Technical and organizational measures (TOMs), which Google had cited as data protection options, have been classified by the Austrian data protection authority as useless when it comes to the potential access of the US authorities to the personal data records. The notification states accordingly:

If the technical measures are affected, it is also not recognizable – and the respondents did not explain it in a comprehensible manner – to what extent the protection of communication between Google services, the protection of data in transit between data centers, the protection of communication between users and websites or “On-Site-Security” actually prevent or limit the access options of US intelligence services on the basis of US law.

After the announcement of this decision, the integration of Google Analytics, as it has been done almost everywhere so far, could be on the brink. Most companies and the self-employed rely on the statistics program from Google. Noby explains:

Although there are many alternatives that are hosted or can be hosted in Europe, many websites rely on Google and use it to transmit their user data to the US multi. Many other US services that allow access by US intelligence agencies are also used. The fact that the authorities could now gradually declare US services illegal is increasing the pressure on EU companies and US providers to opt for safe and legal options. Processing without actual access by US companies is particularly important here.

If large companies such as Google and Meta, Microsoft and Apple do not adapt their data protection guidelines to EU law, authorities and courts could gradually declare their services in the EU to be illegally usable.

Actually, all US services are affected

Under the leadership of Max Schrems, the Noyb association had submitted numerous complaints to various authorities in the EU in the context of disregard of the Schrems II judgment. Schrems now explains:

We expect that similar decisions will now be made gradually in most of the EU Member States. We filed 101 complaints in almost all Member States and the authorities coordinated the decisions. The European Data Protection Supervisor made a similar decision last week.

In the notification of the Austrian data protection authority, a complaint against Google LLC in the USA was not allowed. Accordingly, the European subsidiaries such as Google Ireland Limited are responsible. However, the DSB also stated that the proceedings against Google LLC with regard to possible violations of Articles 5, 28 and 29 GDPR are ongoing.

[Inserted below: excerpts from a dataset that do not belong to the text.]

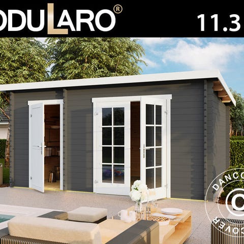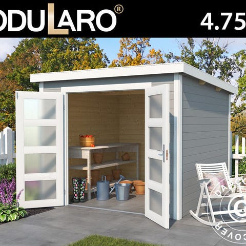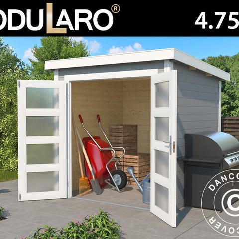 Solidt og rummeligt redskabsskur i holdbart nordisk gran. Skuret er perfekt til at sørge for, at der er styr på dine haveredskaber, plæneklipper, grill og andet udstyr, så det hele bliver opbevaret ordentligt og godt beskyttet. Skuret kan også bruges som en lille hytte eller havepavillon. Den store dobbelte dør med vinduer giver nem adgang, og desuden har skuret et fint lysindfald om dagen. Bemærk venligst, at døre og vinduer er hvide. OBS! Tagbeklædning er IKKE inkluderet. Vi anbefaler, at du undersøger det store udvalg af tagbeklædninger i dit lokale byggemarked. Modularo® er et moderne livsstilsbrand, der tilbyder holdbare kvalitetsprodukter i massivt træ og et tidssvarende design, som kan være med til at gøre dit haveliv endnu skønnere.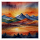 Descripción: Una hermosa pintura acuarela de los paisajes de puesta de sol con coloridas montañas y un cielo suave y soñador.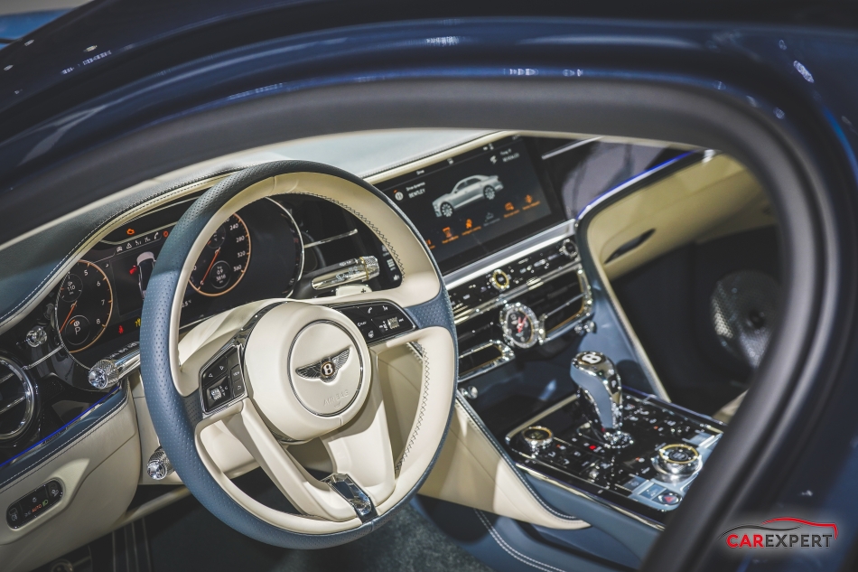 內裝方面,Flying Spur 佈局也與 Continental GT 相近、由中控台延伸至車門兩側的鍍鉻飾條為主線,象徵 Bentley 廠徽中的翅膀環繞座艙,12.3 吋數位儀表板與中控台三片式翻轉介面也如出一徹,後座也配有能操控遮陽簾、後排座椅按摩功能、空調以及前段所述車頭廠徽功能的可分離 10.2 吋觸控裝置;在奢華方面,若選配米勒套件即可享有源於 Bentley EXP 10 Speed 6 概念車的雙菱形絎縫座椅,以外縫線、內刺繡來造就華麗的座椅/內飾花紋,同時還有鑽石滾花飾面點綴。

What in this specific case, using the example of Google, could lead to major upheavals in the digital industry, will probably not be limited to the Alphabet subsidiary. Because the data protection regulations of the EU apply to all US providers, which is why services from Microsoft, Meta and Co. could lose their legal status when integrated on websites after closer legal consideration and corresponding judgments. In 2022 and in the following years, it will now depend on how the authorities and courts interpret the GDPR and the ePrivacy Regulation and whether they punish the previously neglected treatment of data protection when transferring personal data between the EU and the USA by US companies . Google itself had the current case simply explained compared to the standard:

These organizations, not Google, control which data is collected with our tools and how it is evaluated.

However, this attitude is hardly compatible with current data protection law. The battle of strength between the US mega-corporations and European data protection organizations will therefore continue. However, companies, marketers and co. Should keep an eye on the decisions. The entire decision from Austria you can read it here.